Stored dataset items.
· · · · · · ·
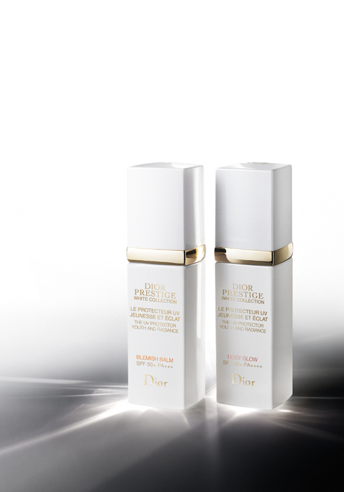 두 가지 텍스처로 선보이는 ‘디올 프레스티지 화이트 컬렉션 유쓰 앤 래디언스 UV 프로텍터’. 컬러 코렉팅 피그먼트를 함유해 다크 스폿, 균일하지 않은 피부 톤을 커버하는 크리미한 텍스처의 ‘블레미쉬 밤 SPF 50+ PA+++’과 가볍고 촉촉한 텍스처로 다이아몬드가 피부에 반사되듯 여러 각도에서도 화사하게 빛나는 피부 코팅 효과를 선사하는 ‘로지 글로우 SPF 50- PA+++’, 각 30ml 14만8천원.
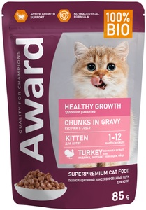 Влажный корм Award Healthy growth для котят кусочки в соусе с индейкой, Авард
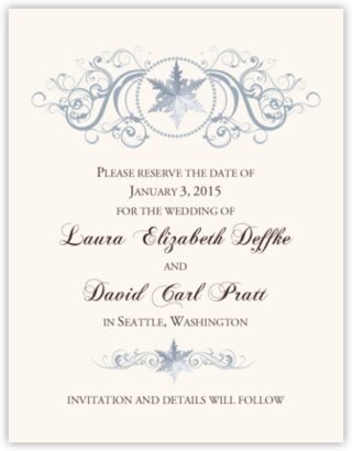 The Curly Sue Snowflake save the date cards feature the Curly Sue Vinatage Monogram with a holiday touch. Customize these save the dates by changing the font, flourishes or colors to match your current wedding theme.
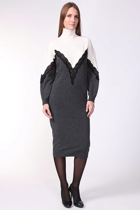 White and gray turtleneck dress with details. Particularly stylish dress. Length below the knee, a combination of two colors, loose fit sleeves and black lace. Necessarily high heel shoes. Such an elegant dress can be worn in the office or in the theater.
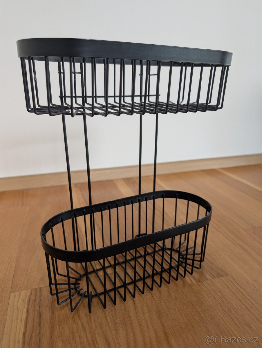 Prodám černou ocelovou dvoupatrovou poličku. Šířka 26,5 cm, výška 33 cm, hloubka 14,5 cm. Vruty a hmoždinky součástí balení. Mírně znečištěná od vodního kamene. Původní cena 600 Kč
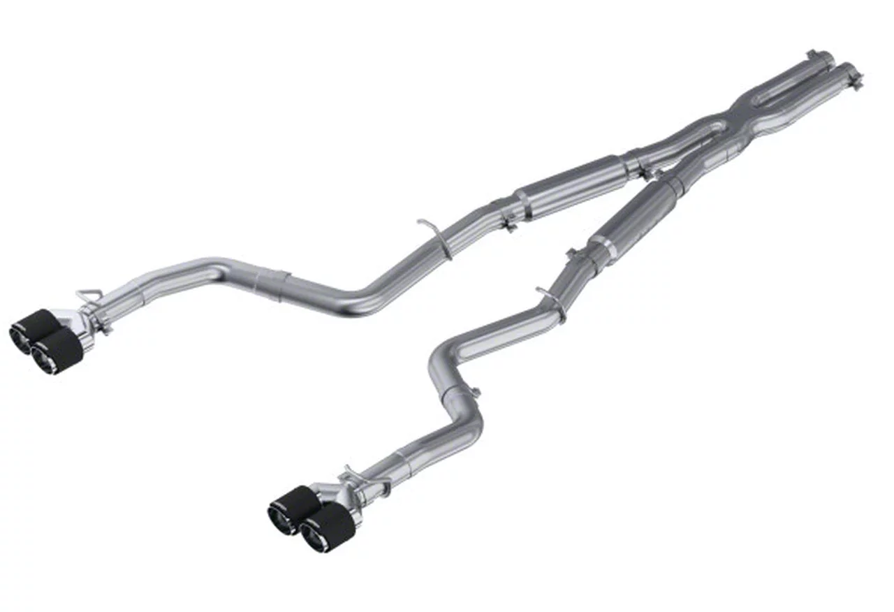T-304 Stainless Steel Construction. MBRP proudly manufactures their Pro Series Cat-Back Exhaust systems from 3.0-inch diameter, mandrel-bent, heavy duty, T-304 stainless steel tubing for excellent exhaust flow and corrosion resistance. Besides the crossover X-pipe, this system features a pair of high-flow resonators that end with quad, 4-inch, carbon fiber exhaust tips that feature the MBRP logo.
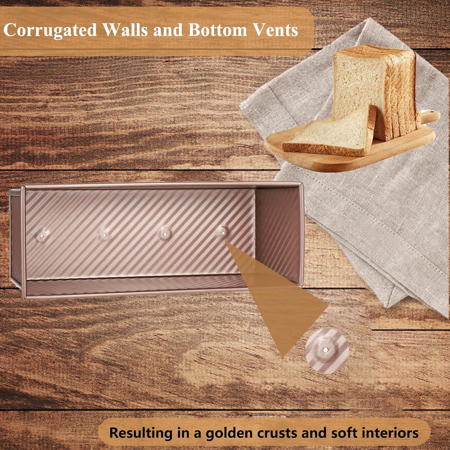 - BAKERY-PERFECT STEAM CONTROL: Snug-fitting lid creates uniform sandwich bread slices. Lid-off baking for rustic artisan loaves. Heat-distributing carbon steel + steam vents optimize crust development in bread loaf pans for baking.
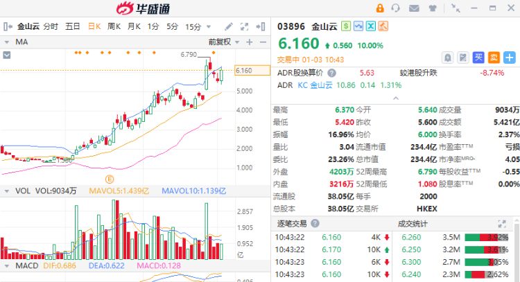 海通证券发研报指,金山云商业结构优化与AI技术的结合,以及生态协同优势将推动业绩增长。公司作为国内领先的云服务提供商,技术和服务能力不断提升,且已成功优化收入结构以提高盈利能力。受益于小米和金山软件集团对云服务的需求,预计金山云的公有云服务收入将快速增长,同时,行业云服务收入也将保持稳定增长。整体来看,金山云在2024至2026年的收入年增长率预计为10.5%、14.4%和16.9%。
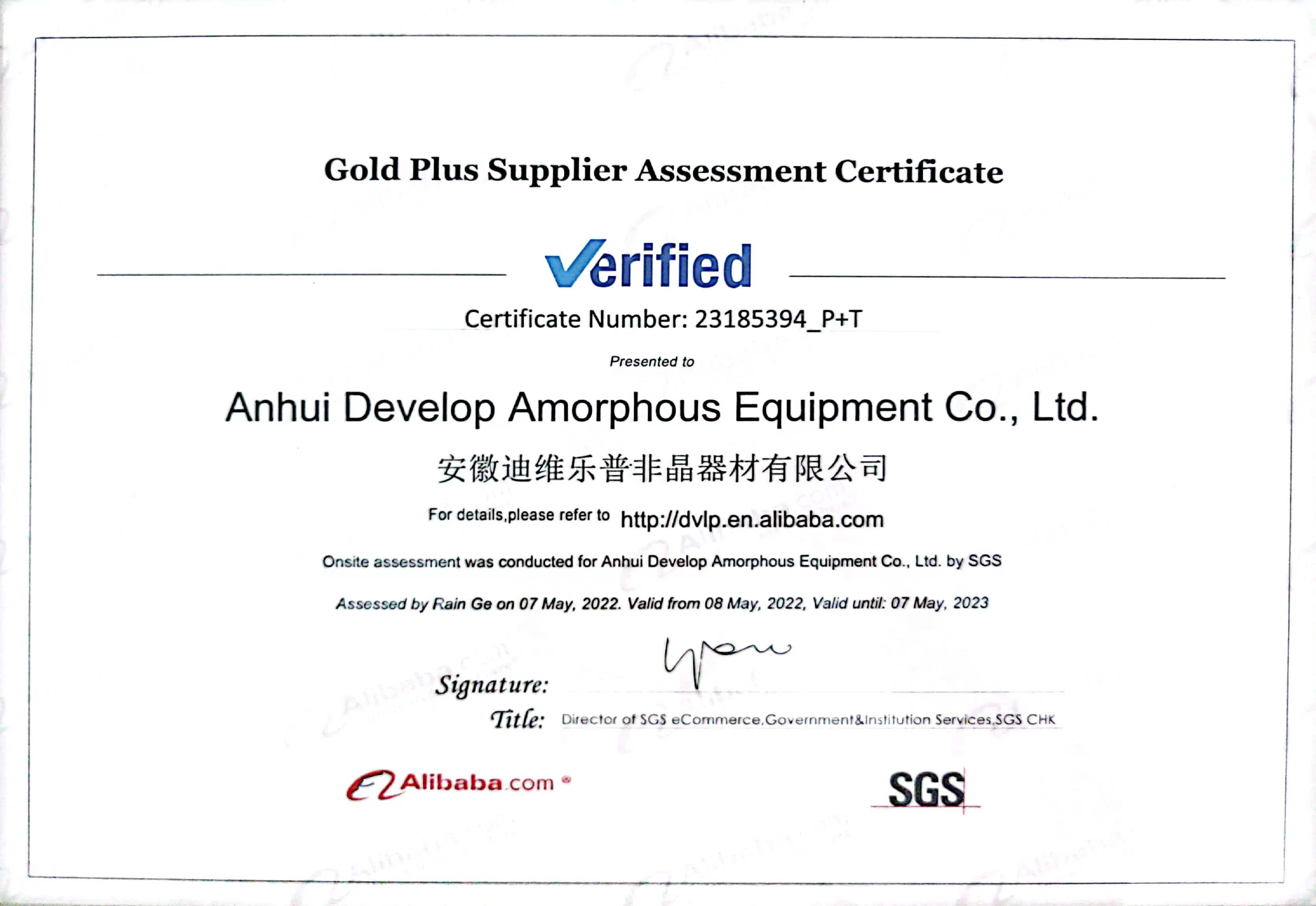 • SGS质量体系证书
· · · · · · ·
Your goal.
Copy every line of the records exactly as it is written, but not the pictures.

Response to the task.
 두 가지 텍스처로 선보이는 ‘디올 프레스티지 화이트 컬렉션 유쓰 앤 래디언스 UV 프로텍터’. 컬러 코렉팅 피그먼트를 함유해 다크 스폿, 균일하지 않은 피부 톤을 커버하는 크리미한 텍스처의 ‘블레미쉬 밤 SPF 50+ PA+++’과 가볍고 촉촉한 텍스처로 다이아몬드가 피부에 반사되듯 여러 각도에서도 화사하게 빛나는 피부 코팅 효과를 선사하는 ‘로지 글로우 SPF 50- PA+++’, 각 30ml 14만8천원.
 Влажный корм Award Healthy growth для котят кусочки в соусе с индейкой, Авард
 The Curly Sue Snowflake save the date cards feature the Curly Sue Vinatage Monogram with a holiday touch. Customize these save the dates by changing the font, flourishes or colors to match your current wedding theme.
 White and gray turtleneck dress with details. Particularly stylish dress. Length below the knee, a combination of two colors, loose fit sleeves and black lace. Necessarily high heel shoes. Such an elegant dress can be worn in the office or in the theater.
 Prodám černou ocelovou dvoupatrovou poličku. Šířka 26,5 cm, výška 33 cm, hloubka 14,5 cm. Vruty a hmoždinky součástí balení. Mírně znečištěná od vodního kamene. Původní cena 600 Kč
T-304 Stainless Steel Construction. MBRP proudly manufactures their Pro Series Cat-Back Exhaust systems from 3.0-inch diameter, mandrel-bent, heavy duty, T-304 stainless steel tubing for excellent exhaust flow and corrosion resistance. Besides the crossover X-pipe, this system features a pair of high-flow resonators that end with quad, 4-inch, carbon fiber exhaust tips that feature the MBRP logo.
 - BAKERY-PERFECT STEAM CONTROL: Snug-fitting lid creates uniform sandwich bread slices. Lid-off baking for rustic artisan loaves. Heat-distributing carbon steel + steam vents optimize crust development in bread loaf pans for baking.
 海通证券发研报指,金山云商业结构优化与AI技术的结合,以及生态协同优势将推动业绩增长。公司作为国内领先的云服务提供商,技术和服务能力不断提升,且已成功优化收入结构以提高盈利能力。受益于小米和金山软件集团对云服务的需求,预计金山云的公有云服务收入将快速增长,同时,行业云服务收入也将保持稳定增长。整体来看,金山云在2024至2026年的收入年增长率预计为10.5%、14.4%和16.9%。
 • SGS质量体系证书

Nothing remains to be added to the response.